Things to Know When Considering a Career Change

The decision to change careers is one you cannot take lightly. However, it is also one that you should not dismiss if you are feeling unmotivated or unhappy in your current role.

As a matter of fact, career changes have become increasingly common in modern professional environments. For instance, the United States Bureau of Labor Statistics (BLS) reports that, between 2015 and 2016, four percent of workers went through career changes. If you want to earn more money and take on a new challenge or feel unsatisfied with your current job, changing careers may be a good option, as long as you are aware of the risks generally associated with this transition.

On the other hand, despite the fact that career changes are increasingly common in today’s society, they may not always lead to happiness or financial success. Thus, making a successful transition from one career to another requires careful planning and consideration. Furthermore, you must be prepared to give up the perks of your current career and take a professional leap into a new field. Below are some of the most important things to know when considering a career change.

Identify Your Reasons and Goals Before Changing Careers

Examining your reasons for wanting to make a career change is the first step in a decision-making process. Therefore, avoid quitting your current job to pursue a new career after a single specific issue. For instance, a slight disagreement with a coworker is generally not a good reason to switch careers. You also should not consider changing careers because you expect the office political atmosphere to be different when you pursue another line of work. Overall, disagreements and personality conflicts will exist in any career path you choose. Generally acceptable reasons to consider a career change include the following:

  • You can earn more money in a different field
  • You are consistently unable to deal and overcome issues and stress factors that are commonplace in your field of work
  • You believe that your chosen new career will significantly improve your personal life

In addition, identifying your goals is a necessary step when determining if a career change is right for you.

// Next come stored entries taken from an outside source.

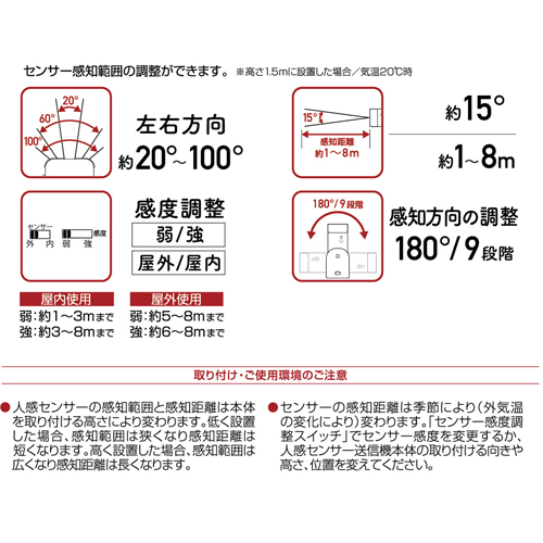 使用エリア屋内・屋外防水仕様IP55(送信機のみ)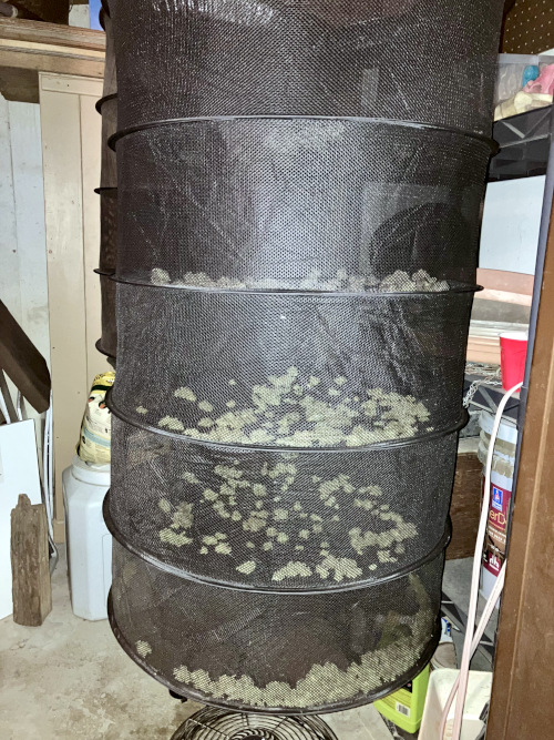 Started harvesting AOG. There were some male flowers at the ends of some of the stacks. A couple of the BK flowers had a couple of seeds (dry, dormant), most did not. Will need to check on this.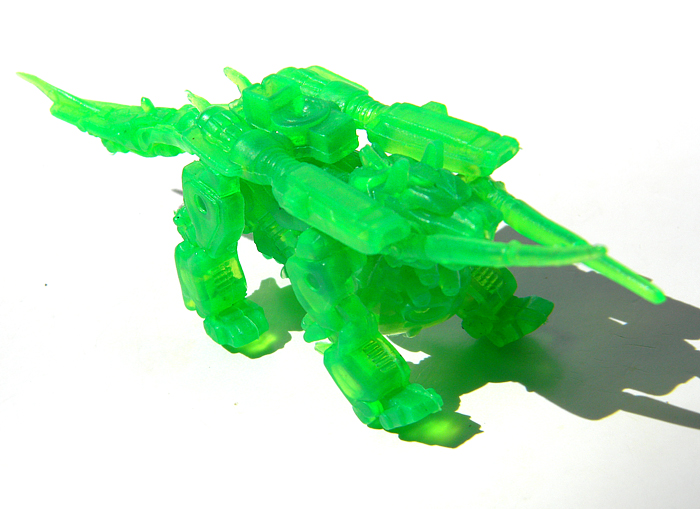 This series is made up of small, gummy-texture Zoids cast in transparent colors. It's assumed to be chinese bootlegs but consists of two sets, one in boxes and one in small booster packs. As far as I can tell the boxes have pre-determined contents but I am not sure if the boosters are the same, or random. They might be the ones on the package (in plain colors, not the horrible box colors-)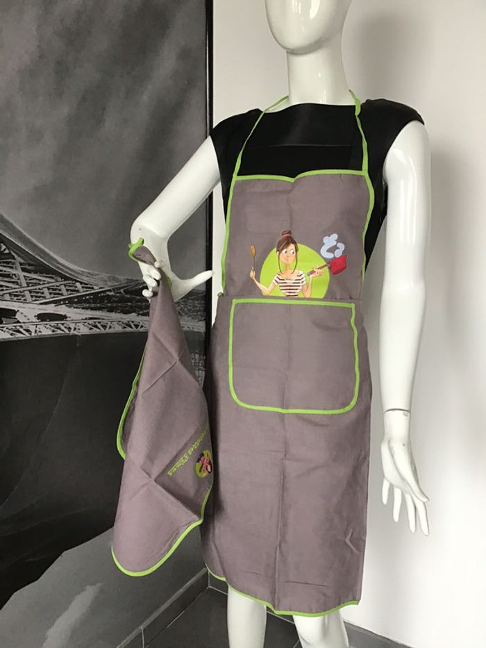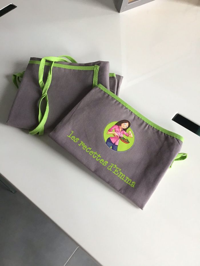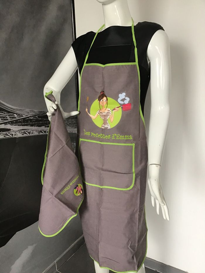 tablier de cuisine et un torchon marron et vert les recette de Emma Neuf emballé #tablier #tablierdecuisine #chantalmatejadivers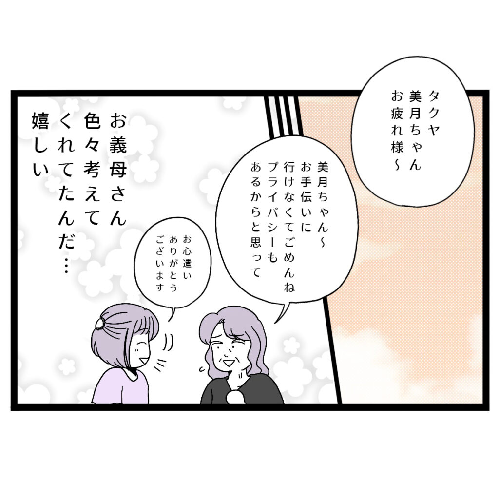 しばらくして、義母が家にやってきました。「美月ちゃん~お手伝いに行けなくてごめんね、プライバシーもあるからと思って」私たちを気遣って色々考えてくれてたんだ・・・義母の細やかな心遣いに、胸がじんわりと温まります。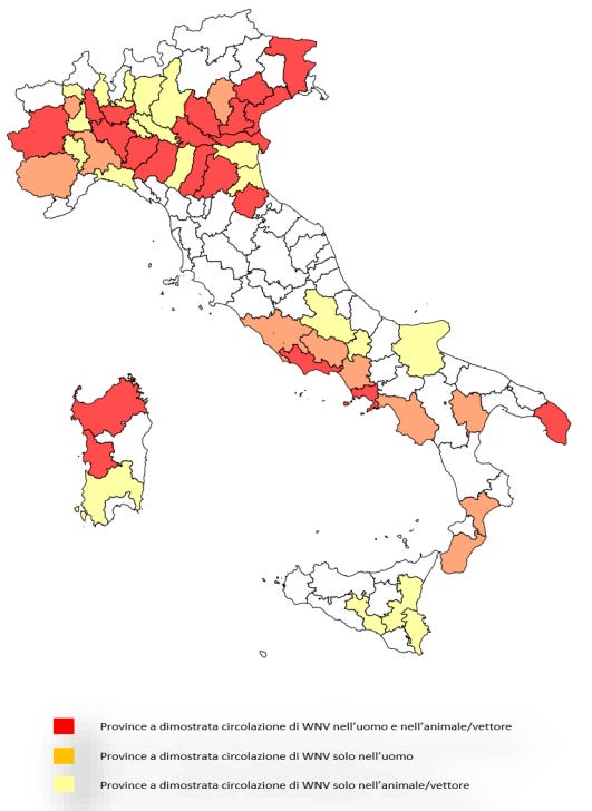The number of provinces with proven WNV circulation has risen to 52 (42 in last report) belonging to 15 regions : Piedmont, Lombardy, Veneto, Friuli-Venezia Giulia, Liguria, Emilia-Romagna, Lazio, Abruzzo, Molise, Campania, Puglia, Basilicata, Calabria, Sicily, and Sardinia.

Even if you know that you want to change careers, accepting the first new offer you get may land you in the wrong line of work. For a successful career change, make sure to list out possible options from which you can choose. When making your list, consider:

  • Current skills you have, and how they will apply to each listed career.
  • How much you will earn in the new career you are taking into consideration.
  • Ongoing requirements for that particular career choice, such as additional educational requirements.
  • Projected job availability for the career path you want to embark on.
  • Your general level of interest in the career you are considering.

A Career Change May Present Some Immediate Challenges

The career change you are considering may involve starting your own business or working for a different company in another industry. In any case, you will certainly have to overcome obstacles in order to make the transition a successful one.

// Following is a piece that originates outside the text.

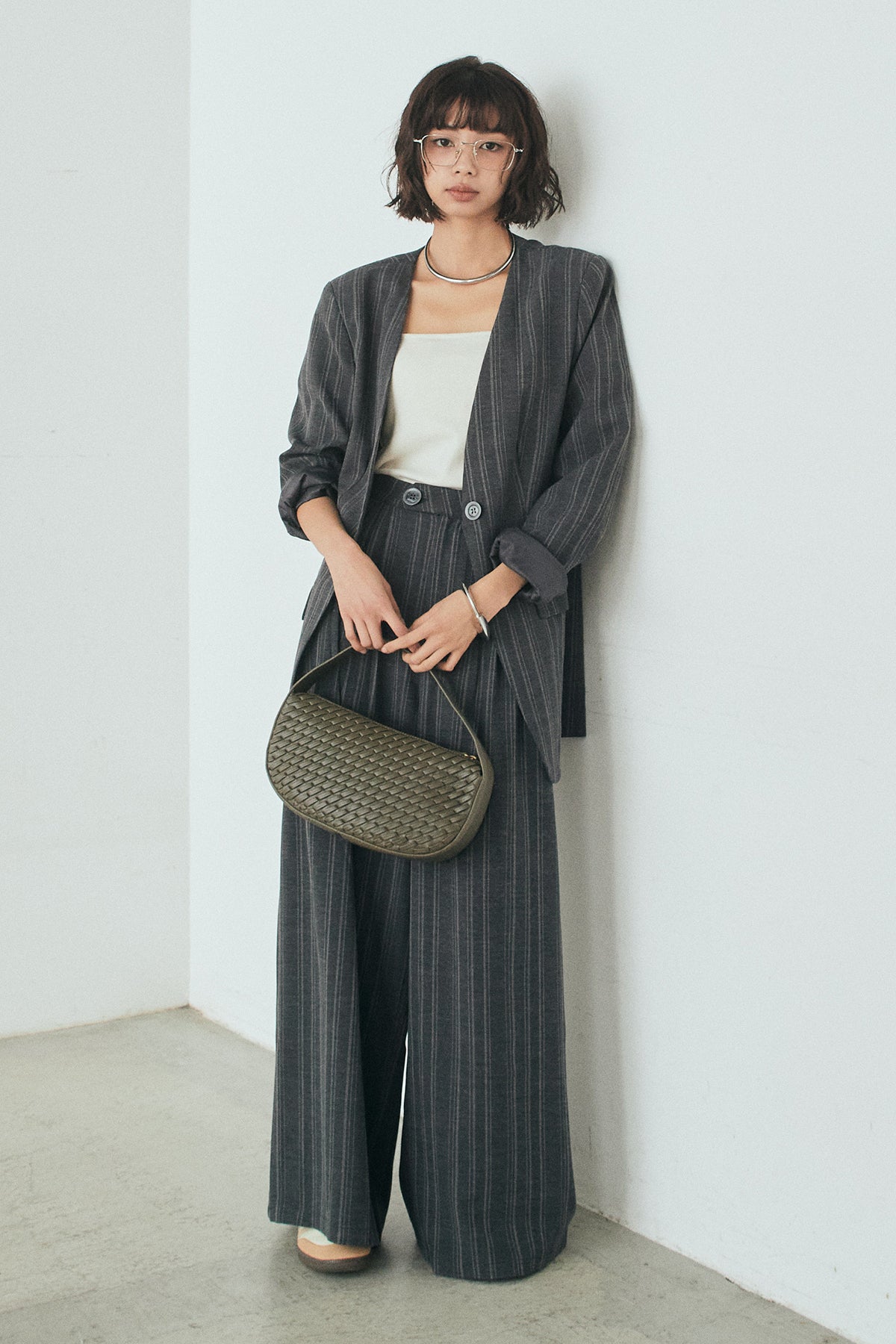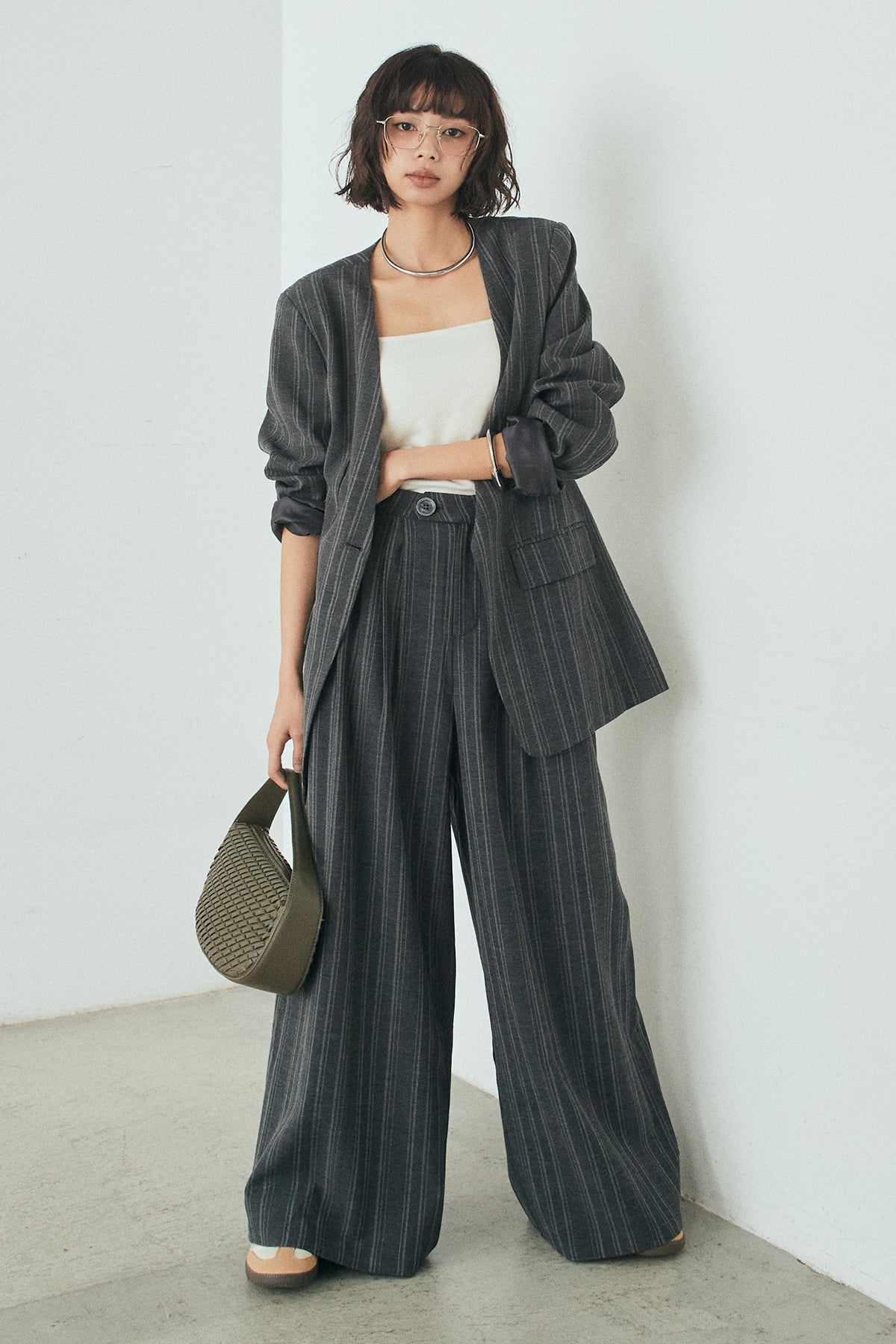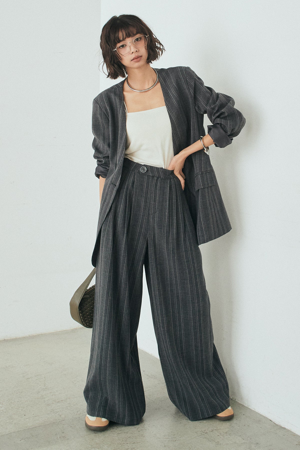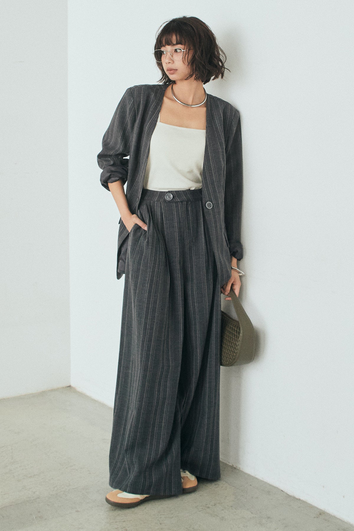 ピンストライプワイドスラックスの他のセットページはこちら

For example, starting your own business will require a financial investment. You will also have to invest a lot of time and effort to get the business running. Conversely, working as an employee in a new industry may also be difficult. Financial struggles may be a concern if you have a period of unemployment while you look for work in your new field. You may also have to:

  • Start working in a lower position than you expect.
  • Take a salary cut until you can work your way up in the new company.
  • Lose benefits and recognition you held at your previous place of employment.

As the new person at a company, you will also be faced with the challenge of proving yourself to your new coworkers and supervisors. Therefore, you must focus on making a name for yourself in your new environment. Moreover, you have to be able to illustrate the skills and traits that make you an asset to the company, which will ultimately help you to thrive in your new field.

Making a Career Change Requires Research

You may have chosen a new career that you think you would enjoy. After carefully examining the possible challenges you will face, you may also feel ready to start working in that field. However, making a career change will require you to research every aspect of that transition process.

For instance, you may choose a career that suits you perfectly, but that does not mean all jobs within the field will be right for you. Thus, taking the time to research local businesses in your chosen field and locate the type of work environment that suits you best is essential for success. Failure to do so may result in you wanting to make another career change once again in the near future.

Make Sure That the Timing Is Right

When making a career change, the timing of that transition is as important as the new career you choose. For that reason, you must evaluate how long you should stay at your current job first. For example, changing careers after a sudden job loss makes sense. During such a time, you can focus on honing new skills and take the opportunity to get into a new industry. However, it may be a bad time to change careers if:

  • You are currently employed by a company that shows appreciation for your work and invests in your professional development.
  • Life events have placed you in a situation requiring the financial stability that is provided by your current job.
  • You need time to undergo educational courses and hone the necessary skills to succeed in a new career.
  • Networking is required before you have enough contacts to help you advance in a new field.

When considering the timing of your career change, you may want to discuss this transition with your friends and relatives. They may have insights that will help you determine whether the timing is right for you to try a new profession. If they all support your decision, it is a good sign that the decision is right. Otherwise, you may want to consider their feedback. For example, if your spouse has an excellent income, he or she may be willing to provide both emotional and financial support during your career transition. However, if money is currently tight in your household, your spouse may suggest you postpone taking such a risk.